Davalı ... vekili, dava konusu 1/3 hisseyi 31.12.2008 tarihinde 17.000 TL bedelle aldıklarını, diğer hissedarlarla birlikte 9.7.2009 tarihinde davalı ..."a sattıklarını belirterek davanın reddini savunmuştur.
Davalı ... vekili,dava konusu taşınmazın 1/3 hissesini davalı ..."ten kalan 2/3 hisseyi de dava dışı maliklerden iyiniyetle ve 170.000 TL bedelle aldıklarını tadilat yaptırarak kiraya verdiklerini belirterek davanın reddini savunmuştur.

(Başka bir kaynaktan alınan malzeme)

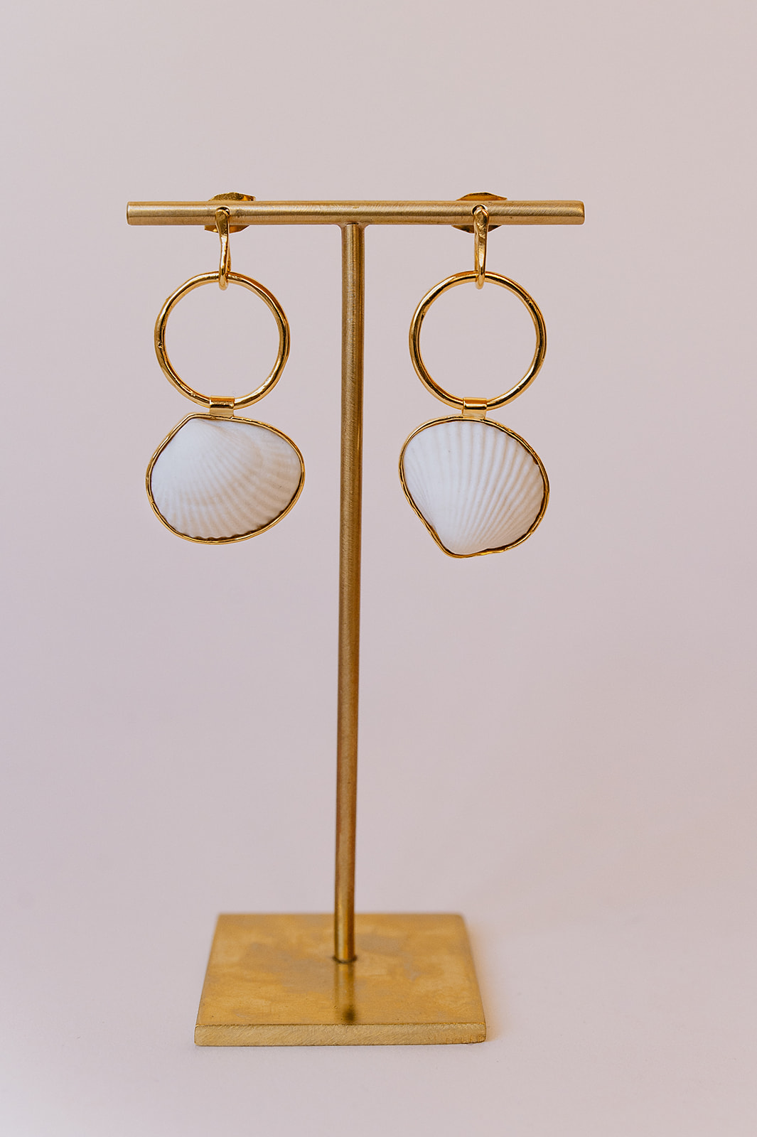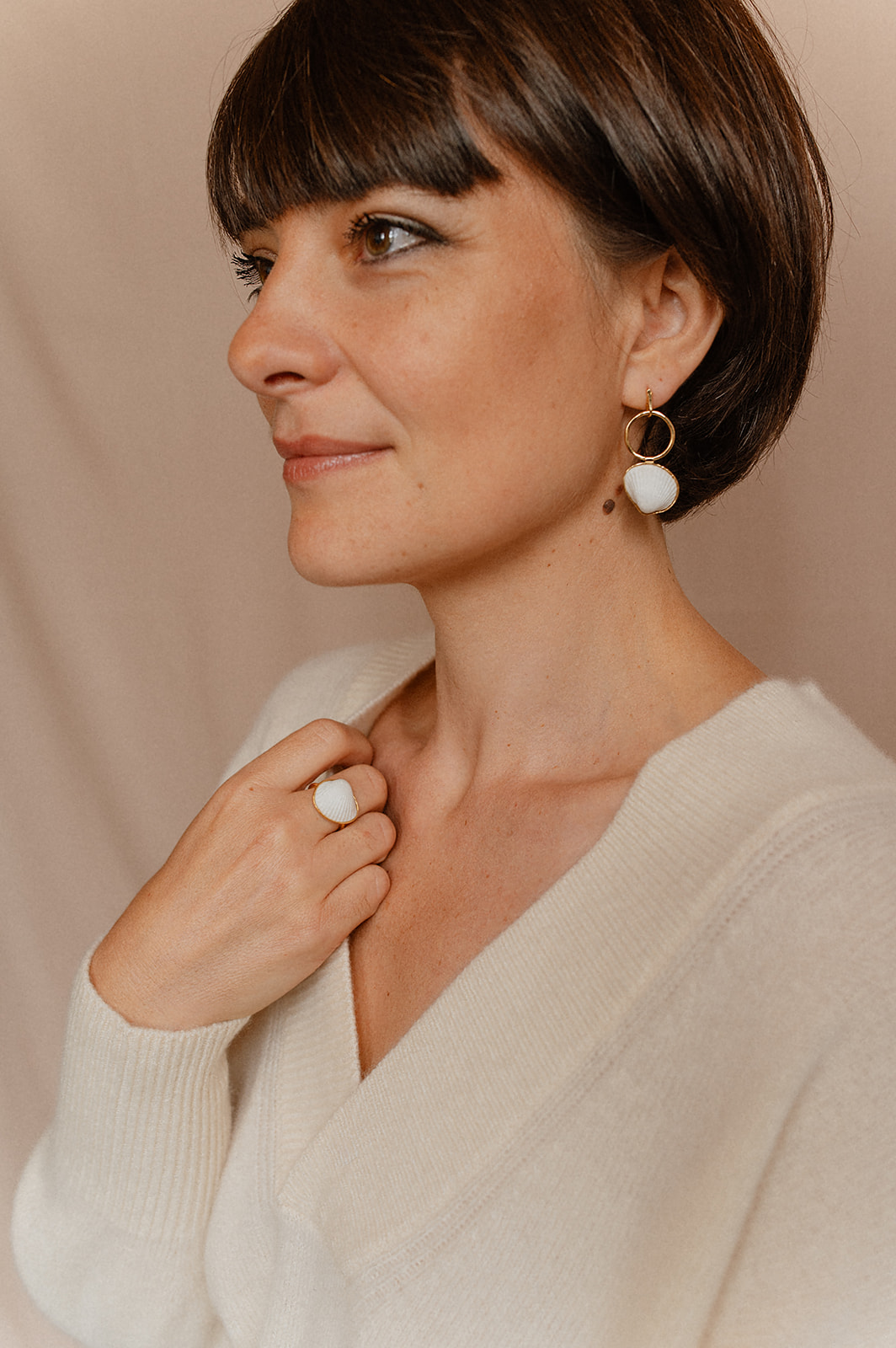Boucles d’oreilles ornées d’un coquillage en biscuit de porcelaine, fabriqué à la main.
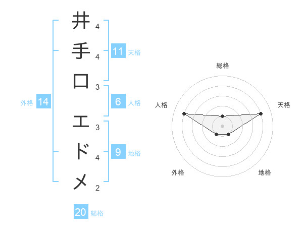 井手口 エドメさんを姓名の画数から五運を鑑定

Mahkemece, iddia, savunma toplanan delillere göre, tapuya güven ilkesi ilkesi gözetilerk davalı ..."ya yapılan satışın muvazaalı olduğu ispat edilmediği gerekçesiyle esas ve birleştirilen davanın reddine karar verilmiş; hüküm, davacı vekili tarafından temyiz edilmiştir.
Dava, İİK 277 ve devamı maddeleri gereğince açılmış tasarrufun iptali istemine ilişkindir.
1-Dosyadaki yazılara kararın dayandığı delillerle gerektirici sebeplere,delillerin takdirinde bir isabetsizlik bulunmamasına davalı 4.kişi ..."nın İİK 280/1 madde kapsamında kötüniyetli olduğunun davacı tarafından ispatlanamamasına göre davacı vekilinin aşağıdaki bendin kapsamı dışında kalan sair temyiz itirazlarının reddi gerekmiştir.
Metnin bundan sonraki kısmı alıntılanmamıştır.